▶ _WORK INSTRUCTION_:
With the pictures omitted, print exactly the lines below, from the one containing "Россия | ||" through the one containing "وحدة تخزين معدينه", and nothing else.

▶ _ENTRIES SUPPLIED_:
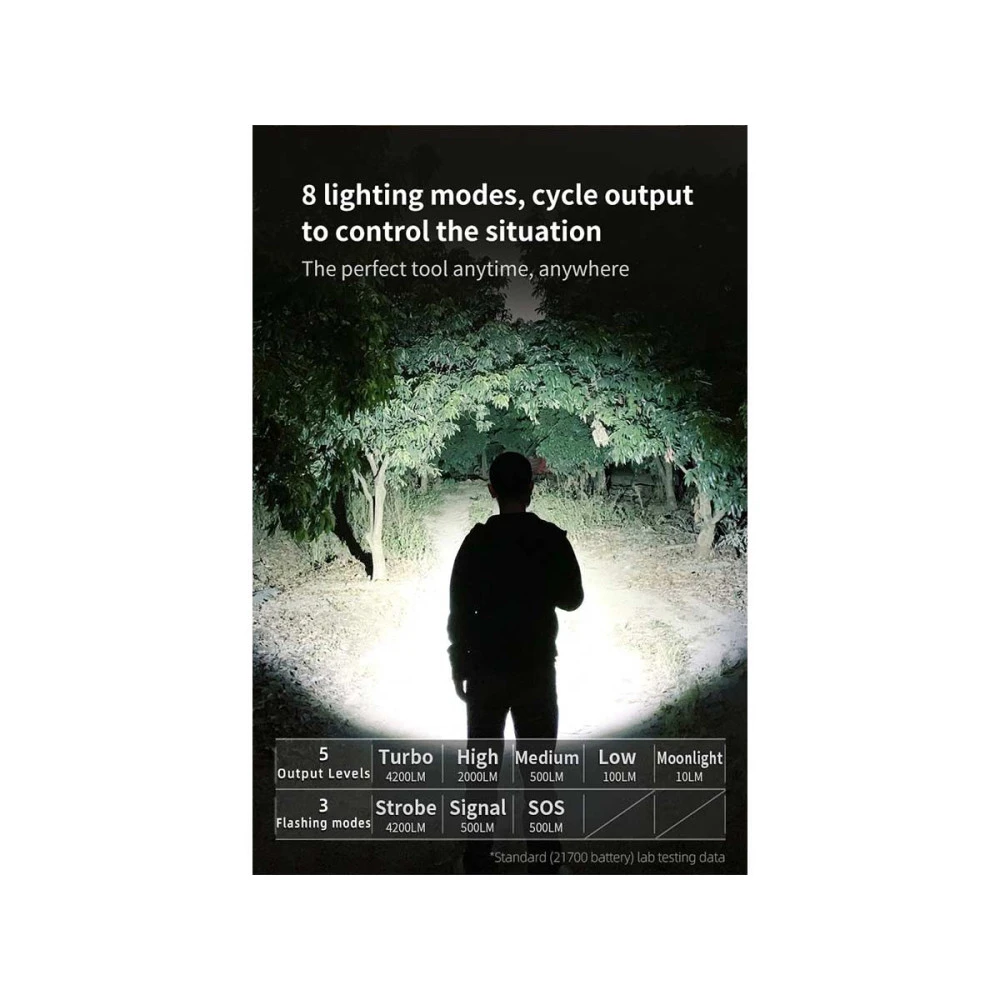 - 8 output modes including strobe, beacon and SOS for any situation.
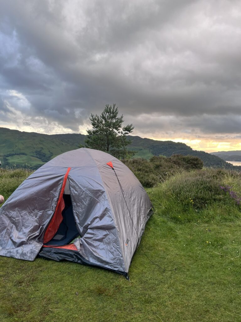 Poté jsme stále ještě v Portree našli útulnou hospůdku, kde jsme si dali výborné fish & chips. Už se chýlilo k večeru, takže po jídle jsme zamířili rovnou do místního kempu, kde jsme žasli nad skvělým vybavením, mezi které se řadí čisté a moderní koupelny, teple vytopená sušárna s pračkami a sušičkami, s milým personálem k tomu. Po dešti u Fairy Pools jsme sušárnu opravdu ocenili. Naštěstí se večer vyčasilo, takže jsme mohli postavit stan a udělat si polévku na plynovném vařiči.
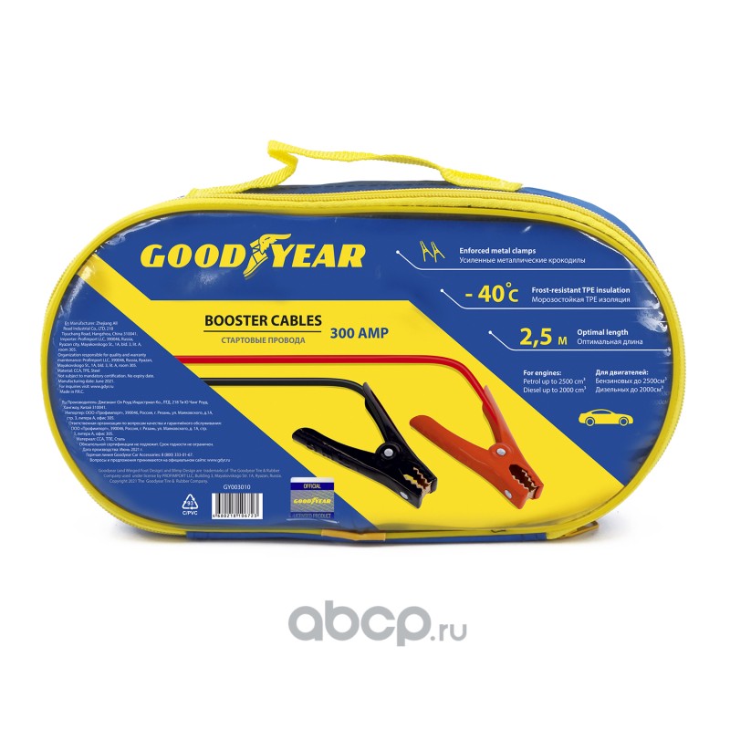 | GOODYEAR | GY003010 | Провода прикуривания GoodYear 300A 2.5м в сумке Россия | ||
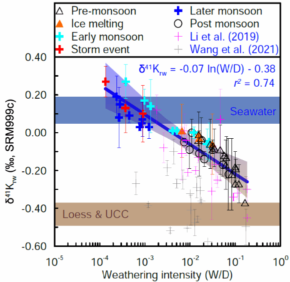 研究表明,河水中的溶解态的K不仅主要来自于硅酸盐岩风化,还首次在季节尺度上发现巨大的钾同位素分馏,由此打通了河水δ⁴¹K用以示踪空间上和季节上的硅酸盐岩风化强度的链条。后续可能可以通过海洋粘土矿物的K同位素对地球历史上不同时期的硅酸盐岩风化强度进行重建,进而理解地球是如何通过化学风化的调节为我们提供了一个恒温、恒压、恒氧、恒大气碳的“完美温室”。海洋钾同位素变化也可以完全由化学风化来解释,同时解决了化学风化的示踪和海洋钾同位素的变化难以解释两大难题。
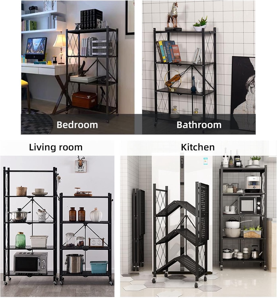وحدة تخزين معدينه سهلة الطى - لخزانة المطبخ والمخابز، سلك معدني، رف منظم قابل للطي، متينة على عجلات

--

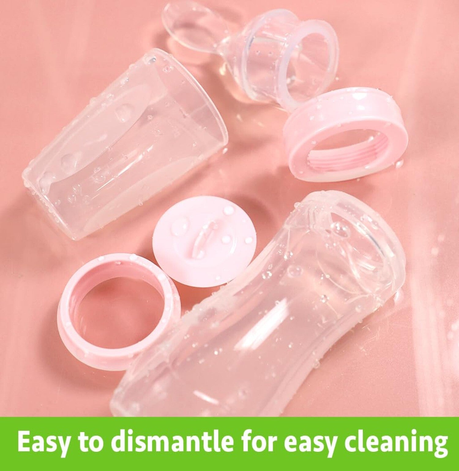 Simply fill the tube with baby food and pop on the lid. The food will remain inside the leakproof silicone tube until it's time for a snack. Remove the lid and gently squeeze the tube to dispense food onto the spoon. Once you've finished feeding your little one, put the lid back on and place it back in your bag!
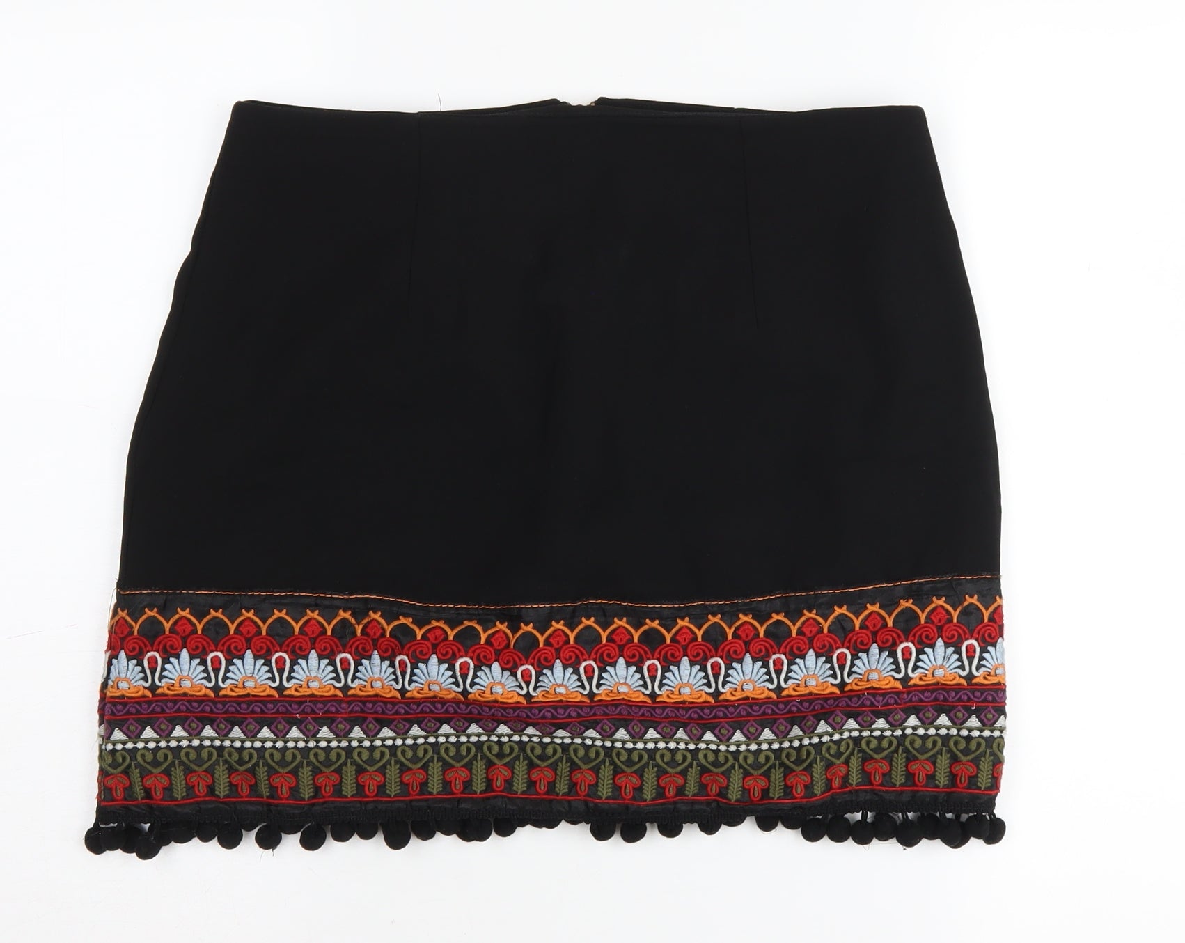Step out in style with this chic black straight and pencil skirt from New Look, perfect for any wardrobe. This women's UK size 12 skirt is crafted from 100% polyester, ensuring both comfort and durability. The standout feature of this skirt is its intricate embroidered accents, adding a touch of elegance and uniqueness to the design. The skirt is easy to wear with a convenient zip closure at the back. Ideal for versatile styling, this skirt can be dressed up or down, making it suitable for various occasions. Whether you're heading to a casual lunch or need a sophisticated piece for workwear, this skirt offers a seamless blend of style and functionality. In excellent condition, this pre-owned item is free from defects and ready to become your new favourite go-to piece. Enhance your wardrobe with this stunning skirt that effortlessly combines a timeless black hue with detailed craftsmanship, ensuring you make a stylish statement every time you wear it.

--

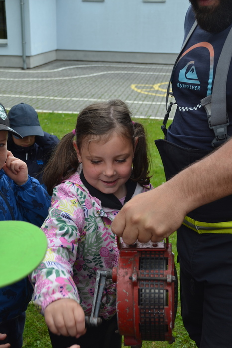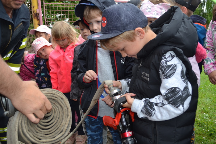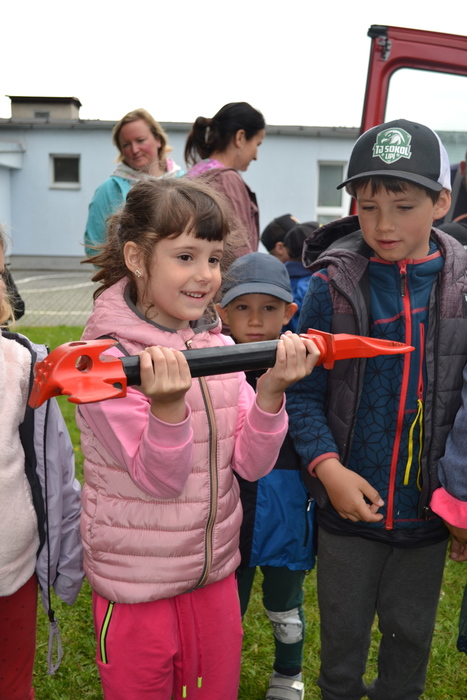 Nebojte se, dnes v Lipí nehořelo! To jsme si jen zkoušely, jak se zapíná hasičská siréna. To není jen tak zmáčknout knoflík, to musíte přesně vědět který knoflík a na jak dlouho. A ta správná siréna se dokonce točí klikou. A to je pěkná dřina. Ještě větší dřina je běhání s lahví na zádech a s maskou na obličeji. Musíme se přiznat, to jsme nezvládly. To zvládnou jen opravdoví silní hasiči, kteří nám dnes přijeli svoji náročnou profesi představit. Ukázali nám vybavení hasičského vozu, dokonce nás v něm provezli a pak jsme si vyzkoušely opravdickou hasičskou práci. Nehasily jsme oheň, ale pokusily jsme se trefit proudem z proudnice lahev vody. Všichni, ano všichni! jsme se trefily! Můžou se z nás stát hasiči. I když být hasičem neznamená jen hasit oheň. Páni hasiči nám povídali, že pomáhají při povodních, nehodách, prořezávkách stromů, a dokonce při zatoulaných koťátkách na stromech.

▶ _RESPONSE_:
 | GOODYEAR | GY003010 | Провода прикуривания GoodYear 300A 2.5м в сумке Россия | ||
 研究表明,河水中的溶解态的K不仅主要来自于硅酸盐岩风化,还首次在季节尺度上发现巨大的钾同位素分馏,由此打通了河水δ⁴¹K用以示踪空间上和季节上的硅酸盐岩风化强度的链条。后续可能可以通过海洋粘土矿物的K同位素对地球历史上不同时期的硅酸盐岩风化强度进行重建,进而理解地球是如何通过化学风化的调节为我们提供了一个恒温、恒压、恒氧、恒大气碳的“完美温室”。海洋钾同位素变化也可以完全由化学风化来解释,同时解决了化学风化的示踪和海洋钾同位素的变化难以解释两大难题。
وحدة تخزين معدينه سهلة الطى - لخزانة المطبخ والمخابز، سلك معدني، رف منظم قابل للطي، متينة على عجلات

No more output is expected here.